If they put a price on every reading material, they are only hurting society. This is where the contrast between libraries and a public commons comes in place. For example, if I need to pay even a couple dollars to get an article, I won’t get it because I don’t want it bad enough. That could be a very potential risk for online articles that ask for money. When it’s free more people will participate. It all comes back to what we’ve talked about, how the information we know and have learned is usually not originally ours, but borrowed and learned from someone else.

I like the term commons, and how they describe the purpose of it. When I think of commons, I always think of a place where everyone gathers together for one reason or another. It’s a great term to describe how libraries can be used in the future. The name demonstrates an open free place for discussion of any type. The library, a free source of information that belongs to the public, should not be privatized to make more money. What would life look like if most information on the internet was free for public use? We could be so much more knowledgeable and be bettering society in a million different ways. As they stated in the commons article, the most important gift we can give to society is the ability to educate our children, give the citizens information they need to make good choices, and continually restructure our culture by giving and taking traditions. The commons website was great to look at as I didn’t have trouble accessing any of the articles. I felt empowered to look at information and grow as a person with the accessibility to information.
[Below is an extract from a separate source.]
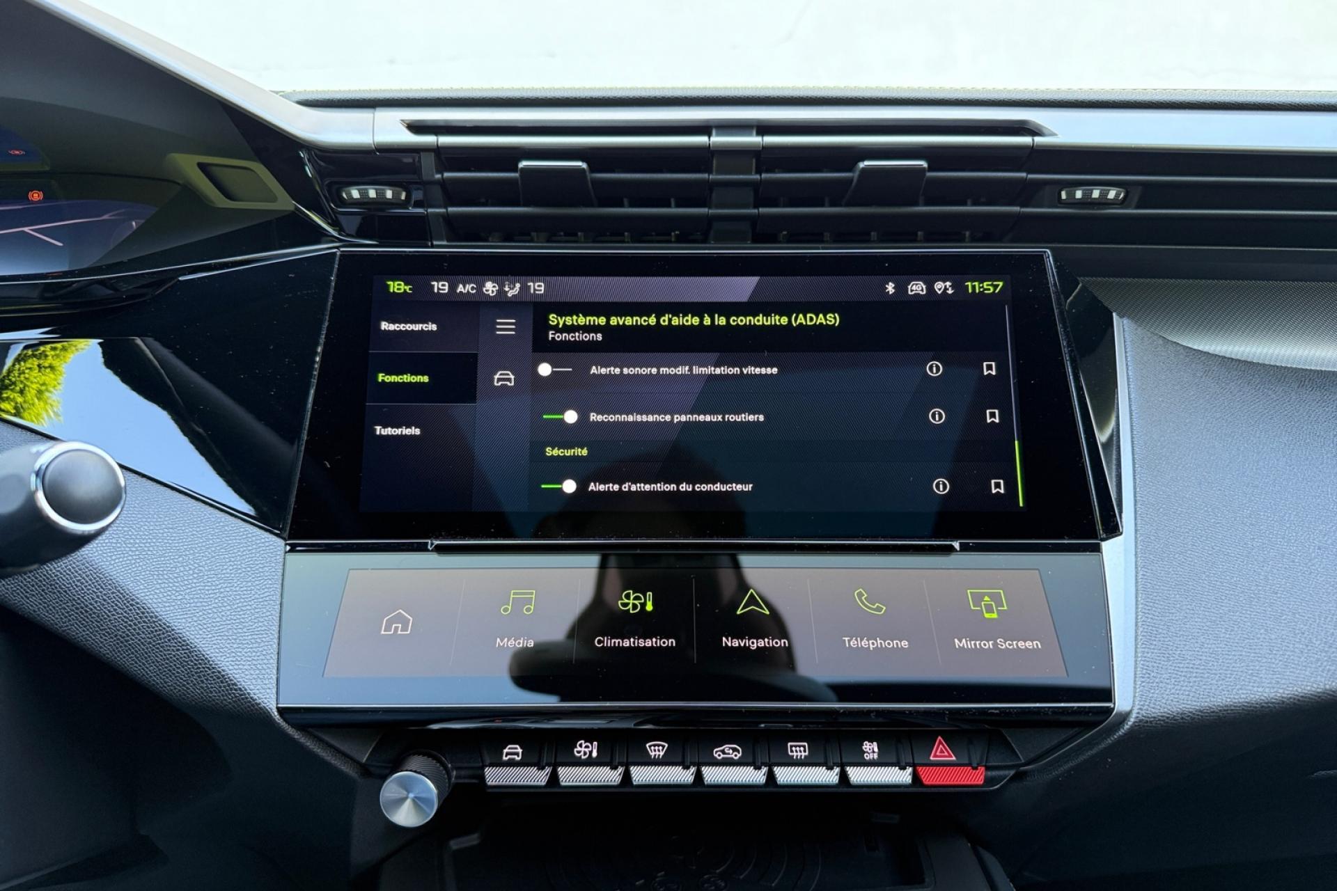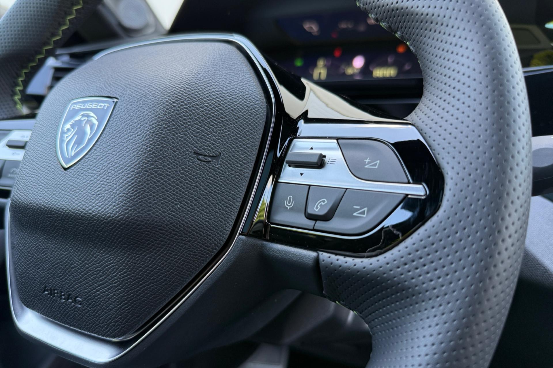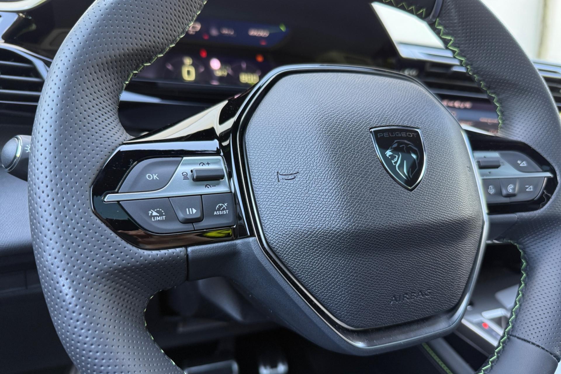 Accès et démarrage mains-libresAccoudoir central avant avec rangementAide au stationnement arrièreAide au stationnement avantAir conditionné à régulation automatique 2 zonesAirbags frontaux conducteur et passager adaptatifs (passager neutralisable), latéraux avant et rideaux avant et arrièreAlerte active de franchissement involontaire de ligne et bas côtéAlerte attention conducteurAllumage automatique des projecteursBandeau entre feux arrière noir brillantBanquette arrière rabattable 1/3-2/3Calandre avant spécifique Noir verni avec inserts chromés et écopes Noir BrillantCaméra de reculCiel de pavillon noirCommutation automatique des feux de routeDécor Aluminium sur panneaux de porteDétection de sous-gonflage des pneumatiquesDiffuseurs d'air aux places arrièreDirection assistée électriqueDriver Sport Pack : personnalisation du combiné spécifique, sonorité du moteur amplifiée et plus sportive ( désactivable)ESP (contrôle dynamique de stabilité ) + aide au démarrage en penteEssuie-glace à déclenchement automatiqueFeux arrière spécifiques avec allumage dynamique griffe à griffeFeux diurnes à LED avec signature lumineuseFixations Isofix (aux places latérales arrière)Fonction Mirror Screen (Apple Carplay / Android Auto ) sans filFrein de parking électriqueJupe arrière en noir brillant avec jonc chroméLécheurs de vitres noir brillantLève-vitres électriques arrière à fonctions séquentielle et anti-pincementLève-vitres électriques avant à commande séquentielle et anti-pincementLimiteur de vitesseModes de conduite Eco / SportNavigation connectée avec écran central tactile 10‘’ et i-Toggles virtuels personnalisablesPack Drive AssistPack Safety PlusPare brise teinté acoustiquePédaliers Sport et repose-pied en AluminiumPeugeot i Cockpit avec combiné d'instrumentation numérique 10'' personnalisablePlanche de bord avec jonc transversal peint, décor Alu et surpiqûres VertProjecteurs Matrix LEDReconnaissance étendue des panneaux de circulationRéglage lombaire conducteurRétroviseur intérieur électrochromeRétroviseurs extérieurs électriques avec clignotants à LED intégrés, dégivrants et rabattables électriquementSellerie tri matières tissu / TEP / New BelomkaSeuils de portes avant en aluminiumSièges conducteur et passager réglables en hauteurSmart Multidrive : personnalisation du combiné et éclairage d'ambiance LED intérieur associés aux modes de conduiteVitres latérales et lunette arrière surteintéesVolant à réglage manuel en hauteur et en profondeurVolant cuir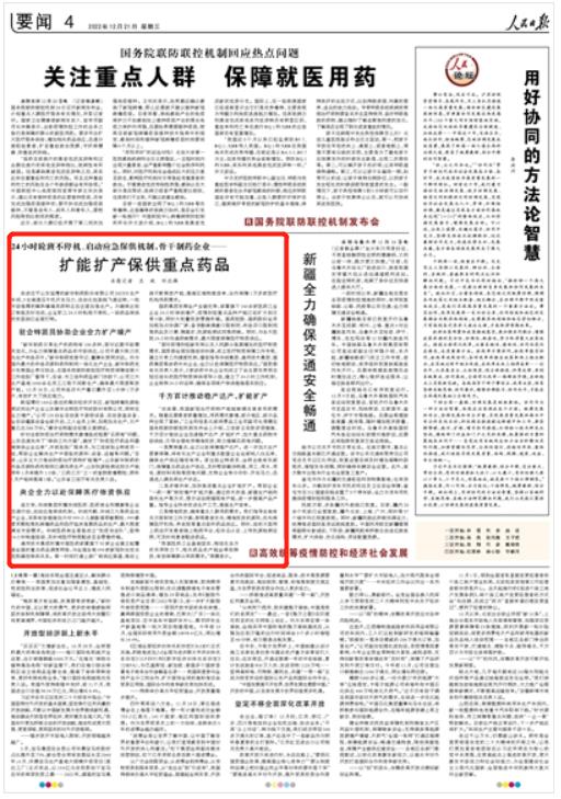 針對當前防疫治療藥物需求激增造成短期“買藥難”問題,山東迅速發(fā)布了“保供工作方案”,確定了“防疫醫(yī)療藥品和器械保供企業(yè)名單”,并派駐駐廠服務員,與工信部駐企特派員一起,幫助企業(yè)解決生產中面臨的原料、設備、運輸等問題?!澳壳埃綎|正大力推動防疫治療藥物擴能增產,山東新華制藥的布洛芬原料藥和制劑已滿負荷生產,山東抗原檢測試劑日產能明年1月將提升1.5倍,‘三藥三方’之一的宣肺敗毒顆粒,明年1月產能將提高1倍?!鄙綎|省工信廳有關負責人說。

Vaidhyanathan describes the internet library of information heading towards becoming an anarchy, where our government is in control of it all. This puts limitations on information giving and peer-to-peer sharing of information. He, like Bollier, is worried about the concealment of information on the internet. He is scared that the government will have so much control over the internet that they will be crushing the democracy that we have by controlling what we can look at, give out, and use to better ourselves. They can make money off of it, by putting a price tag on the resources we want to get. The internet should not be this way at all. If we really want to grow in the future, I agree with both of these authors that we need to have a common internet library, where information is free to give and take.